- The key piece of evidence: A gun that shoots a blue toxin-pellet at animals that make them go savage.
- A blueberry that will take the place of the toxin-pellet.
- A voice recorder.
- Obviously, the gun is the whole reason they’re all there. At first, they had a whole train car full of evidence, but that blew up, giving them one last piece of evidence, the gun, which still has a pellet in it. They’re on their way to deliver it to the police station, and Mayor Bellwether has come to intercept it.
- Amazingly, they just happen to have a blueberry on them. When Officer Hopps quit the force, she was working on her family farm when she realized what the toxin was. She suddenly hopped in the family’s truck and took off immediately, accidentally bringing along what they were selling, including a carton of blueberries. Later, Nick (who has always made fun of her for being a farmer) mockingly eats the blueberries while they drive. Finally, in the finale, she gets injured and he takes out his handkerchief to bind her wound, only to discover that he was using it to hold blueberries.
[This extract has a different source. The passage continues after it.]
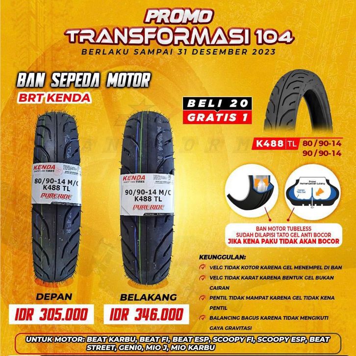 Ban BRT Kenda Ring 14 70/90-14 80/90-14 90/90-14 Ban Tubles Anti Bocor
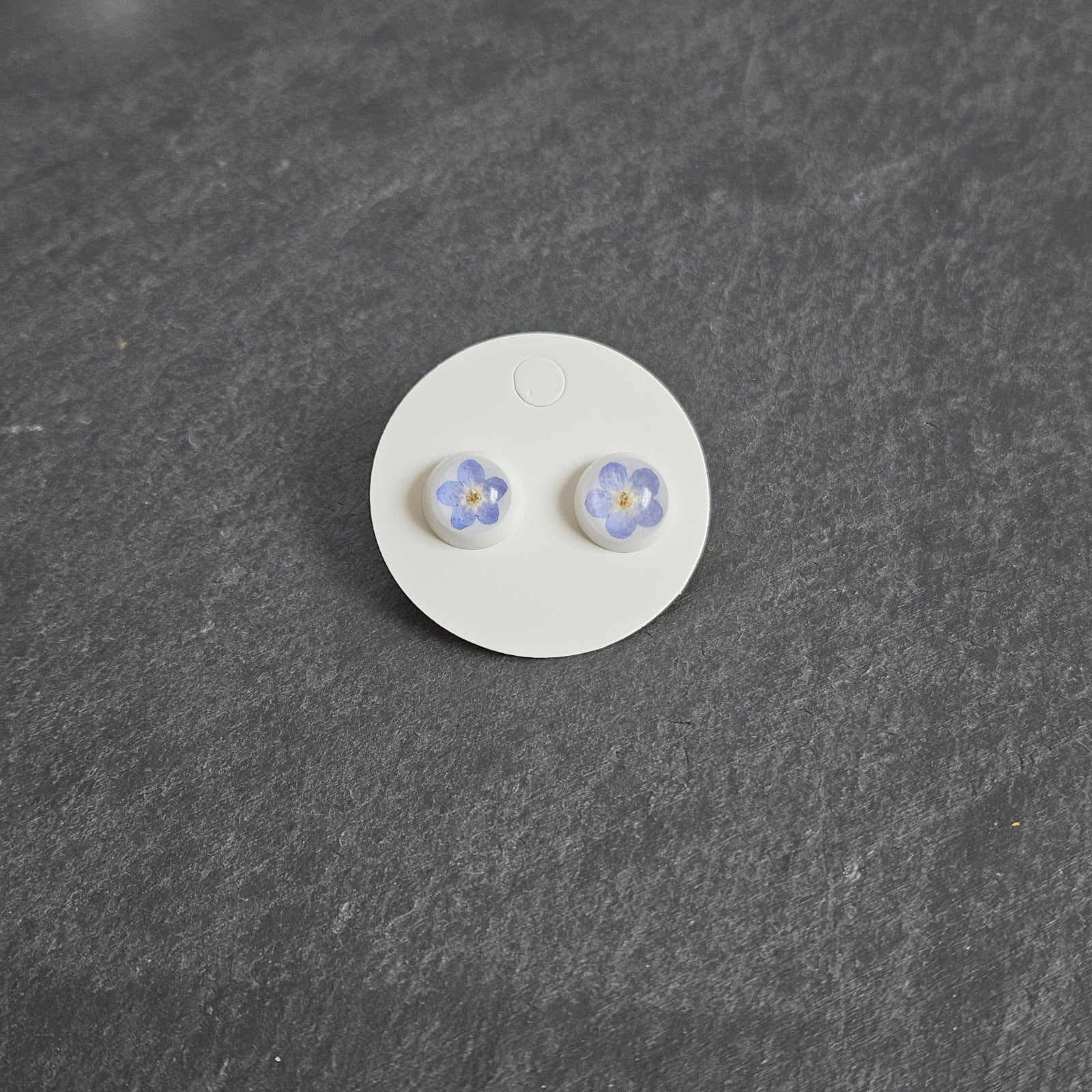 Ajoutez une touche de beauté naturelle à vos oreilles avec nos boucles d'oreilles puces en résine, avec une délicate inclusion de fleur bleue. Léger, confortable et élégant ce bijoux est indispensable pour terminer votre tenue.

- Finally, it’s established early on that Hopps always has a voice-recorder-pen on her. This has already been a plot point three times, and none of those times feels like a set up for later. Each feels like a self-sufficient scene with its own pay-off.
In retrospect, all of these objects were set up so that they would be in place at the end, but they were all set up subtly, without calling attention to themselves. Hitchcock was called a “director of objects”: This is because objects are so essential to thrillers and mysteries. A huge part of the creator’s job is to get all the right objects in the right places at the right time, without calling attention to it.
Finally, tomorrow, we’ll look at how they set us up to be fooled by the heroes.
My memory is a bit hazy -- the days of binge-watching Pixar have faded as my girls age -- but I think the ending of Up was similarly well structured. Carl's cane became a tool of action; the tennis balls on its feet that had been used for a gag earlier became vital; other stuff that I'm blanking out on right now.
There's something so damn satisfying about those pieces snapping into place when they've been set up well. Zootopia set it all up so well you didn't even know you were being set up until it was over. (It's called a hustle, sweetie.)